Define some functions for visualization

[8]:

def load_raster(path, crop=None):
    with rasterio.open(path) as src:
        img = src.read()
        print('img.shape: ',img.shape)

        # load first 6 bands
        img = img[:6]

        # Handling No Data Values
        img = np.where(img == NO_DATA, NO_DATA_FLOAT, img)

        # Cropping
        if crop:
            img = img[:, -crop[0]:, -crop[1]:]
    return img

def enhance_raster_for_visualization(raster, ref_img=None):
    if ref_img is None:
        ref_img = raster
    channels = []

    # Loop through each channel (band) in the raster
    for channel in range(raster.shape[0]):
        valid_mask = np.ones_like(ref_img[channel], dtype=bool)
        valid_mask[ref_img[channel] == NO_DATA_FLOAT] = False
        mins, maxs = np.percentile(ref_img[channel][valid_mask], PERCENTILES) # Calculate the minimum and maximum values at specified percentiles from the valid data
        normalized_raster = (raster[channel] - mins) / (maxs - mins) # Normalize the raster channel to the range [0, 1] using the calculated mins and maxs
        normalized_raster[~valid_mask] = 0 # Set the pixels that are not valid to 0 in the normalized raster
        clipped = np.clip(normalized_raster, 0, 1) # Clip the values to ensure they are within the range [0, 1]
        channels.append(clipped)
    clipped = np.stack(channels)
    channels_last = np.moveaxis(clipped, 0, -1)[..., :3]
    rgb = channels_last[..., ::-1]
    return rgb

[9]:

def plot_image_mask_reconstruction(normalized, mask_img, pred_img):
    # Mix visible and predicted patches
    rec_img = normalized.clone()
    rec_img[mask_img == 1] = pred_img[mask_img == 1]  # binary mask: 0 is keep, 1 is remove.

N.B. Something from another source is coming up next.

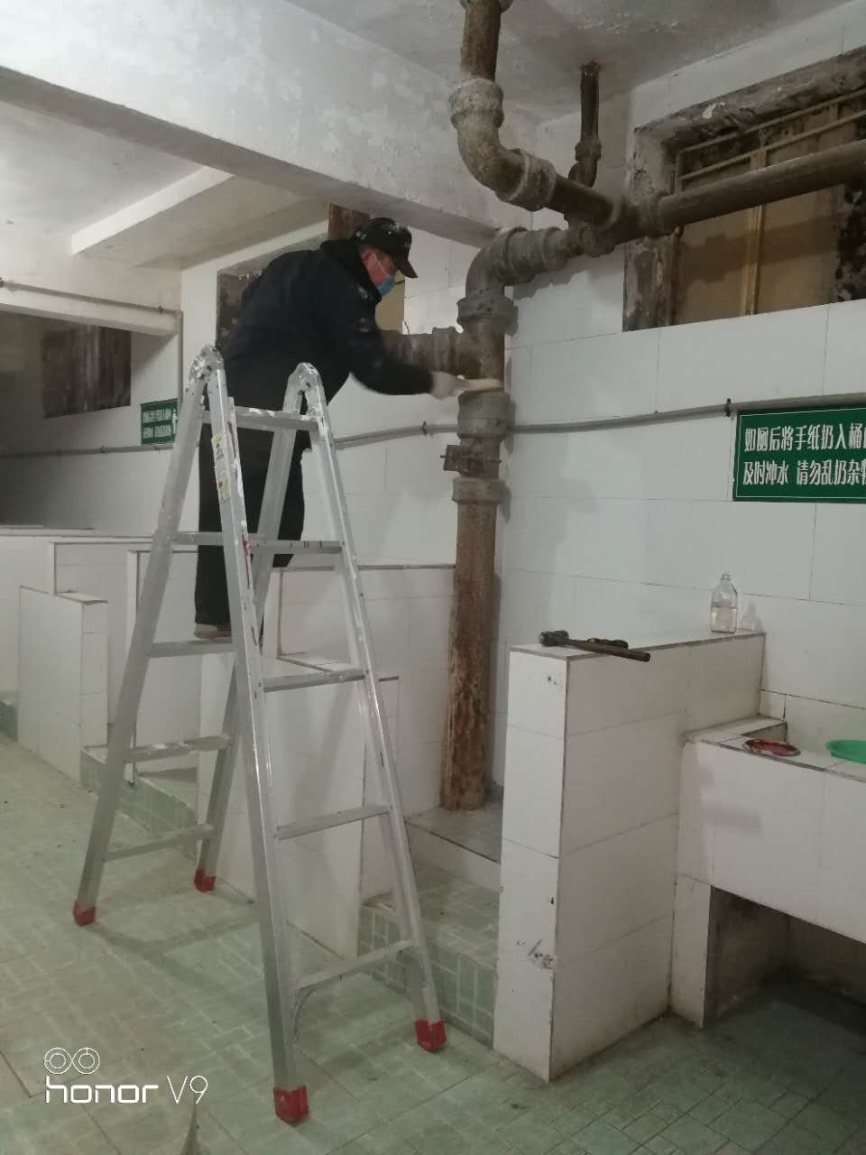 二中院內(nèi)的公廁從以前的破舊不堪到如今的整潔衛(wèi)生都離不開停車場(chǎng)班組的悉心維護(hù)。新年有新氣象,為了使二中公廁更潔凈更安全,讓來公廁方便的市民更安心,二中停車場(chǎng)班長馬毓森同志不畏寒冷,不怕臟,不怕累,為公廁內(nèi)裸露在外的管道作了除銹防腐處理并刷上油漆,以防管道年久失修發(fā)生泄露給市民帶來麻煩。

Masked regions are replaced by 'pred' values

    mask_img_np = mask_img.numpy().reshape(6, 224, 224).transpose((1, 2, 0))[..., :3]

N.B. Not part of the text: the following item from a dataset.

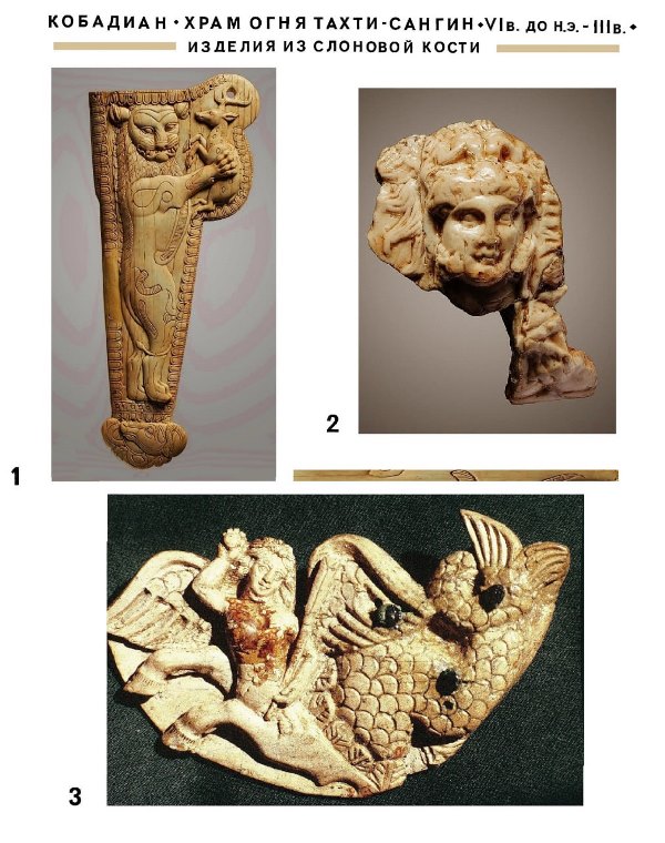 Такая бинарность вода-огонь позволяет заключить, что храм Окса был одновременно храмом водной стихии реки Окс и храмом огня. С высоким мастерством вырезана на кости композиция изображающая греческую богиню Гиппокампесу в виде женщины со змеино-рыбьим хвостом, лошадиными ногами и крыльями птицы, в бактрийской мифологии перевоплотившуюся в спутницу бога реки Окса.

    rec_img_np = (rec_img.numpy().reshape(6, 224, 224) * stds) + means

    fig, ax = plt.subplots(1, 3, figsize=(15, 6))

    for subplot in ax:
        subplot.axis('off')

    ax[0].imshow(enhance_raster_for_visualization(input_data))
    masked_img_np = enhance_raster_for_visualization(input_data).copy()
    masked_img_np[mask_img_np[..., 0] == 1] = 0
    ax[1].imshow(masked_img_np)
    ax[2].imshow(enhance_raster_for_visualization(rec_img_np, ref_img=input_data))

Loading the model

Assuming you have the relevant files under this directory

[10]:

# load weights
weights_path = "./prithvi/Prithvi_100M.pt"
checkpoint = torch.load(weights_path, map_location="cpu")

# read model config
model_cfg_path = "./prithvi/Prithvi_100M_config.yaml"
with open(model_cfg_path) as f:
    model_config = yaml.safe_load(f)

model_args, train_args = model_config["model_args"], model_config["train_params"]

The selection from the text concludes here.